→ **Goal of the exercise**
Find the line in the entries below that contains "Beim Assessment Center, das". Repeat it exactly, and every line after it through the line that contains "Z opracowania wyłączone".

→ **Material for the task**
───

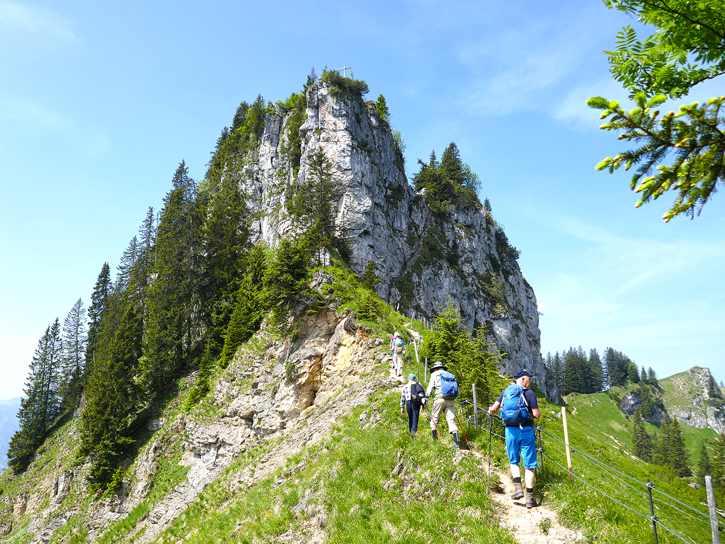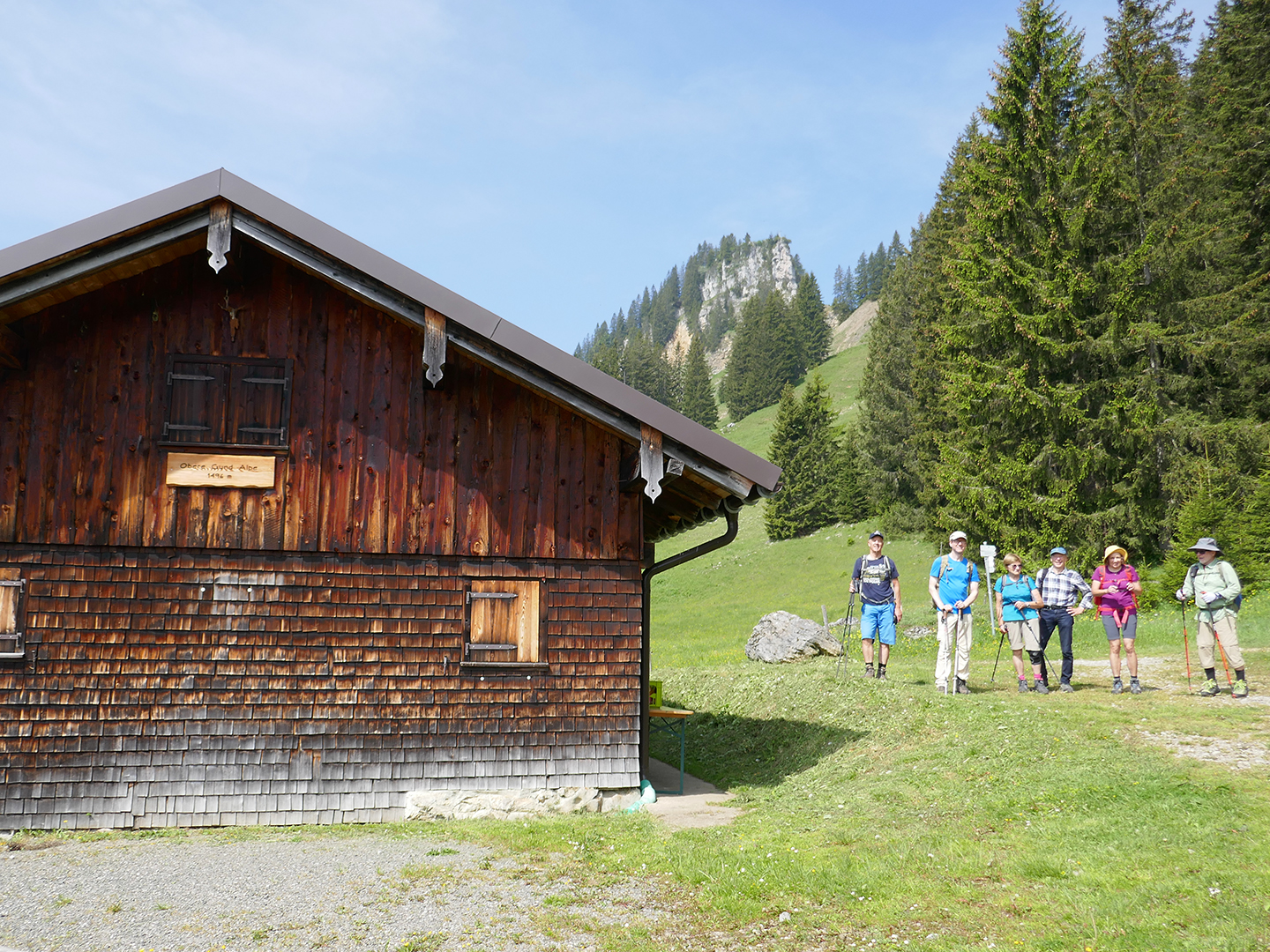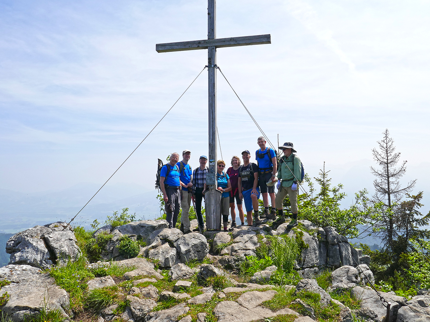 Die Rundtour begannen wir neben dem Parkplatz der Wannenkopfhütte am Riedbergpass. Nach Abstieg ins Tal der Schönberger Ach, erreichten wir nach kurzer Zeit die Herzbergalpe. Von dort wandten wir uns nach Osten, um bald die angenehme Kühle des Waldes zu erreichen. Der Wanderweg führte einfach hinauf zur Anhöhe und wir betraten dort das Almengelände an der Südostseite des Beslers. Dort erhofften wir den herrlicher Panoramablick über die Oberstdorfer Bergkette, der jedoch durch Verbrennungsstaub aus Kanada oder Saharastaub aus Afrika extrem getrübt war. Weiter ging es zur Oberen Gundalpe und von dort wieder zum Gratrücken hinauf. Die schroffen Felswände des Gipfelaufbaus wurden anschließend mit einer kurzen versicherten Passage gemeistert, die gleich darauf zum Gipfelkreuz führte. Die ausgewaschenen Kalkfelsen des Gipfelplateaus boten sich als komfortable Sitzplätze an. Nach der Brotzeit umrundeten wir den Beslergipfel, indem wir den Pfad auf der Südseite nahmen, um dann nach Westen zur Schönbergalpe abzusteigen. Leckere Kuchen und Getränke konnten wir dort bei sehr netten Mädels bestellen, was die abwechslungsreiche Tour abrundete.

───

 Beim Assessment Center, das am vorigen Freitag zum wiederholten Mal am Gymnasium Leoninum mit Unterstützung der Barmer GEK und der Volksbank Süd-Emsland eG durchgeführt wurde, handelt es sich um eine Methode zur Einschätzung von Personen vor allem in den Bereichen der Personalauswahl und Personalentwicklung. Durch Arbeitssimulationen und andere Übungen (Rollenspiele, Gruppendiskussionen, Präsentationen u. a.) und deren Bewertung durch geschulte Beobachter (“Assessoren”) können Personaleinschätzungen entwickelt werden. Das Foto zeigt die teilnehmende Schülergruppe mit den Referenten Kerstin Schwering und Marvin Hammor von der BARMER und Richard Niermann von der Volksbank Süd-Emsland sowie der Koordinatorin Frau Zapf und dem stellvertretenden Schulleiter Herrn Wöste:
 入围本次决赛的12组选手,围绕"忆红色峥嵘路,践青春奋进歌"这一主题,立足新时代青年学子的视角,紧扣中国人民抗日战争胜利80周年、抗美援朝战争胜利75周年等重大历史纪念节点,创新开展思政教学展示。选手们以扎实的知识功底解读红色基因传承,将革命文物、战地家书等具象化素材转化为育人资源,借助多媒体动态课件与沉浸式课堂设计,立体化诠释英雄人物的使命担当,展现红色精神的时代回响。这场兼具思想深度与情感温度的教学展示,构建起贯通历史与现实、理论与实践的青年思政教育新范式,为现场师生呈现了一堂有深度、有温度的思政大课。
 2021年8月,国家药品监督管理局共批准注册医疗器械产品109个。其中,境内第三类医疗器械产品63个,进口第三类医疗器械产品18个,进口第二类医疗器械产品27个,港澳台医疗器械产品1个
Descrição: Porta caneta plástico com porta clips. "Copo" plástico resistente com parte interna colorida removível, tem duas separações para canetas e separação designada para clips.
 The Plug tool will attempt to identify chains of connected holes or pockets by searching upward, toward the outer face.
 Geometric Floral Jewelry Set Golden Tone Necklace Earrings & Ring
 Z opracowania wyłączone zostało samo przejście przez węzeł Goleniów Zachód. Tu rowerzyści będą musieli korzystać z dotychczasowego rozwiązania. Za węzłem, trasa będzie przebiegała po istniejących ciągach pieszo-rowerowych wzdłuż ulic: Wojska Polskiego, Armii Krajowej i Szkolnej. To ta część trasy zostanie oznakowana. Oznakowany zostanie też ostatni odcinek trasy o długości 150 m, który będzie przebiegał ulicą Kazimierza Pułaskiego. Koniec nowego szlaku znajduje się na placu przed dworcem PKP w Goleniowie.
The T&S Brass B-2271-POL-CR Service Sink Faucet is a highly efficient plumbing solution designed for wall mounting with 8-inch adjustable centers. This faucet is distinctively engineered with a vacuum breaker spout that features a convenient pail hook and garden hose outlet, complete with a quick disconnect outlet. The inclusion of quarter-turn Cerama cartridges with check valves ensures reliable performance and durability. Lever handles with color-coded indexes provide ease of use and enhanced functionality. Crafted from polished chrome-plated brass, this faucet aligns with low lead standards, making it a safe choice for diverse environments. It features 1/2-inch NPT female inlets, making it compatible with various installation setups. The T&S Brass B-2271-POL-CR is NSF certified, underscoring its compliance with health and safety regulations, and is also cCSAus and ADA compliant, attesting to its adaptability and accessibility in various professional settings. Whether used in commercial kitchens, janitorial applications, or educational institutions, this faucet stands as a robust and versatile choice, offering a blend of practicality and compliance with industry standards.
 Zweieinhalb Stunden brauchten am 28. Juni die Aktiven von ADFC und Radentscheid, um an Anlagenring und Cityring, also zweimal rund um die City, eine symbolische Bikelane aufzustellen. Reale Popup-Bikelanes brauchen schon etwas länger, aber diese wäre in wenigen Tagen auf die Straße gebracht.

───

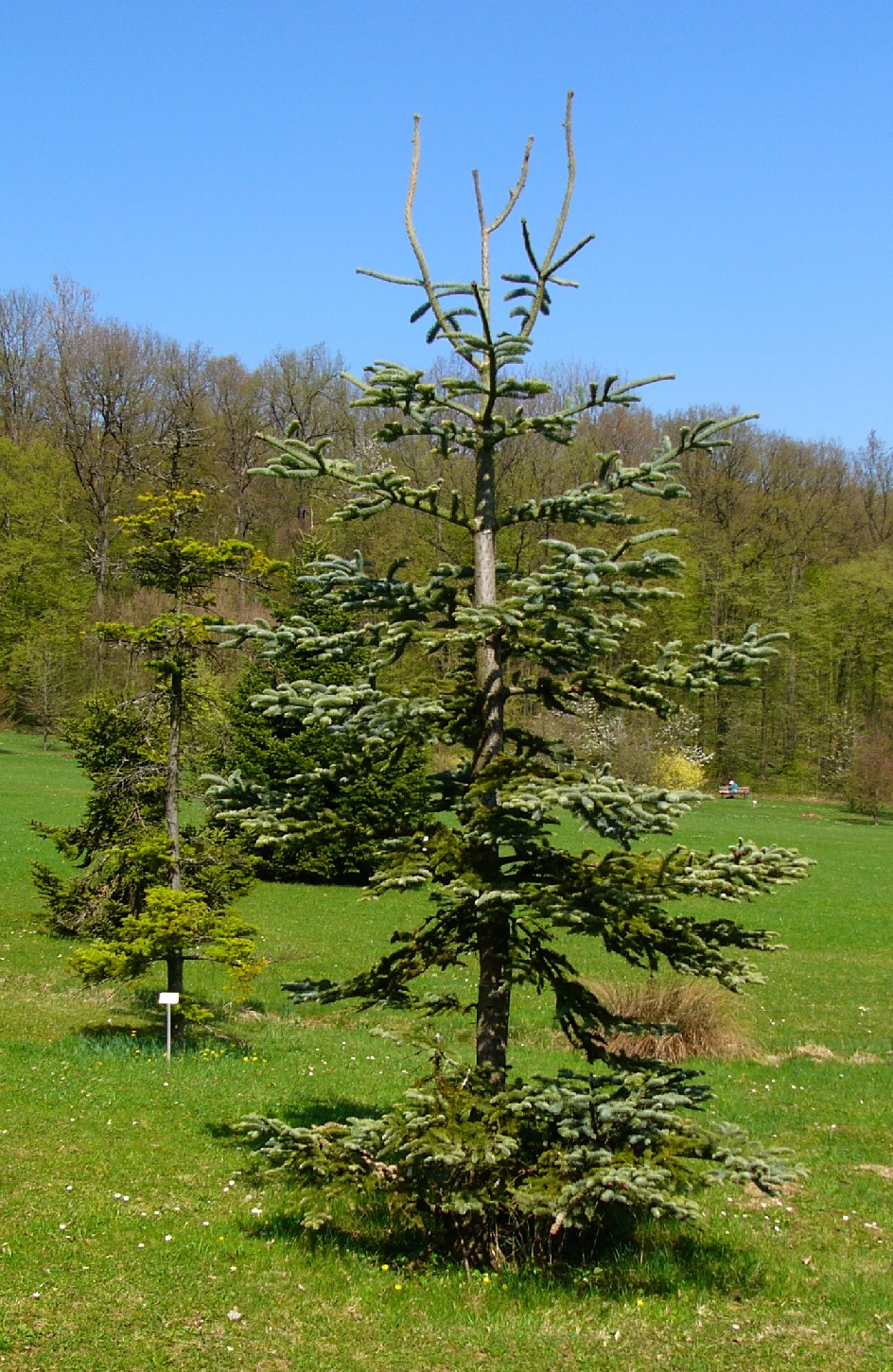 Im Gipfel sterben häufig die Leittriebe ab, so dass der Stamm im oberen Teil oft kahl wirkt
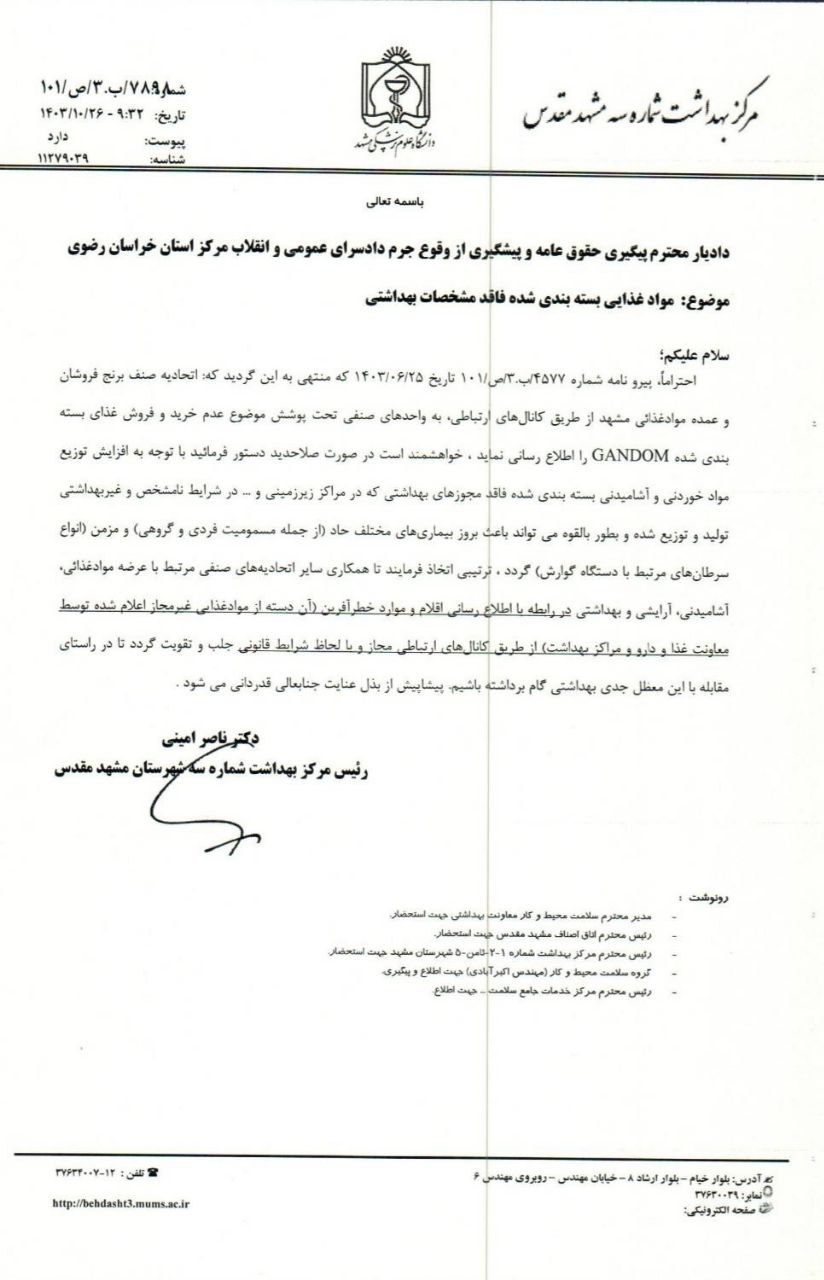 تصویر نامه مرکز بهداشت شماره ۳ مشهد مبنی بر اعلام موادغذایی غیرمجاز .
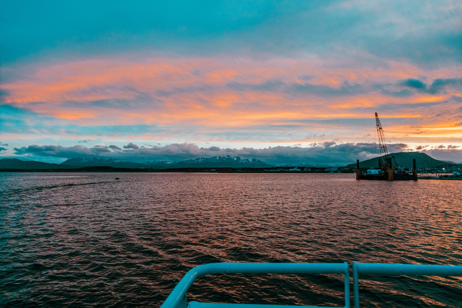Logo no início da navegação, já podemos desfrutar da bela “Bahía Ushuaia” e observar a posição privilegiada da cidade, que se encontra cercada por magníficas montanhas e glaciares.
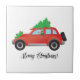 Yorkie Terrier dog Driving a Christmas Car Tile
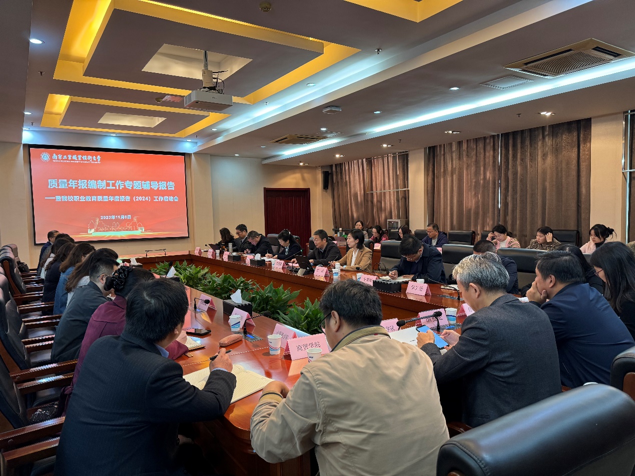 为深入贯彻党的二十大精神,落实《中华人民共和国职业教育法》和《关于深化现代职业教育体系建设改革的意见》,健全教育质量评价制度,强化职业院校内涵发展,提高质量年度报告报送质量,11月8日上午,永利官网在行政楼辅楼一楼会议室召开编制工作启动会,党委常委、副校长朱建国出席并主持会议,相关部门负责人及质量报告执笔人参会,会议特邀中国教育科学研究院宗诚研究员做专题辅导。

───

→ **Exercise output**
 Beim Assessment Center, das am vorigen Freitag zum wiederholten Mal am Gymnasium Leoninum mit Unterstützung der Barmer GEK und der Volksbank Süd-Emsland eG durchgeführt wurde, handelt es sich um eine Methode zur Einschätzung von Personen vor allem in den Bereichen der Personalauswahl und Personalentwicklung. Durch Arbeitssimulationen und andere Übungen (Rollenspiele, Gruppendiskussionen, Präsentationen u. a.) und deren Bewertung durch geschulte Beobachter (“Assessoren”) können Personaleinschätzungen entwickelt werden. Das Foto zeigt die teilnehmende Schülergruppe mit den Referenten Kerstin Schwering und Marvin Hammor von der BARMER und Richard Niermann von der Volksbank Süd-Emsland sowie der Koordinatorin Frau Zapf und dem stellvertretenden Schulleiter Herrn Wöste:
 入围本次决赛的12组选手,围绕"忆红色峥嵘路,践青春奋进歌"这一主题,立足新时代青年学子的视角,紧扣中国人民抗日战争胜利80周年、抗美援朝战争胜利75周年等重大历史纪念节点,创新开展思政教学展示。选手们以扎实的知识功底解读红色基因传承,将革命文物、战地家书等具象化素材转化为育人资源,借助多媒体动态课件与沉浸式课堂设计,立体化诠释英雄人物的使命担当,展现红色精神的时代回响。这场兼具思想深度与情感温度的教学展示,构建起贯通历史与现实、理论与实践的青年思政教育新范式,为现场师生呈现了一堂有深度、有温度的思政大课。
 2021年8月,国家药品监督管理局共批准注册医疗器械产品109个。其中,境内第三类医疗器械产品63个,进口第三类医疗器械产品18个,进口第二类医疗器械产品27个,港澳台医疗器械产品1个
Descrição: Porta caneta plástico com porta clips. "Copo" plástico resistente com parte interna colorida removível, tem duas separações para canetas e separação designada para clips.
 The Plug tool will attempt to identify chains of connected holes or pockets by searching upward, toward the outer face.
 Geometric Floral Jewelry Set Golden Tone Necklace Earrings & Ring
 Z opracowania wyłączone zostało samo przejście przez węzeł Goleniów Zachód. Tu rowerzyści będą musieli korzystać z dotychczasowego rozwiązania. Za węzłem, trasa będzie przebiegała po istniejących ciągach pieszo-rowerowych wzdłuż ulic: Wojska Polskiego, Armii Krajowej i Szkolnej. To ta część trasy zostanie oznakowana. Oznakowany zostanie też ostatni odcinek trasy o długości 150 m, który będzie przebiegał ulicą Kazimierza Pułaskiego. Koniec nowego szlaku znajduje się na placu przed dworcem PKP w Goleniowie.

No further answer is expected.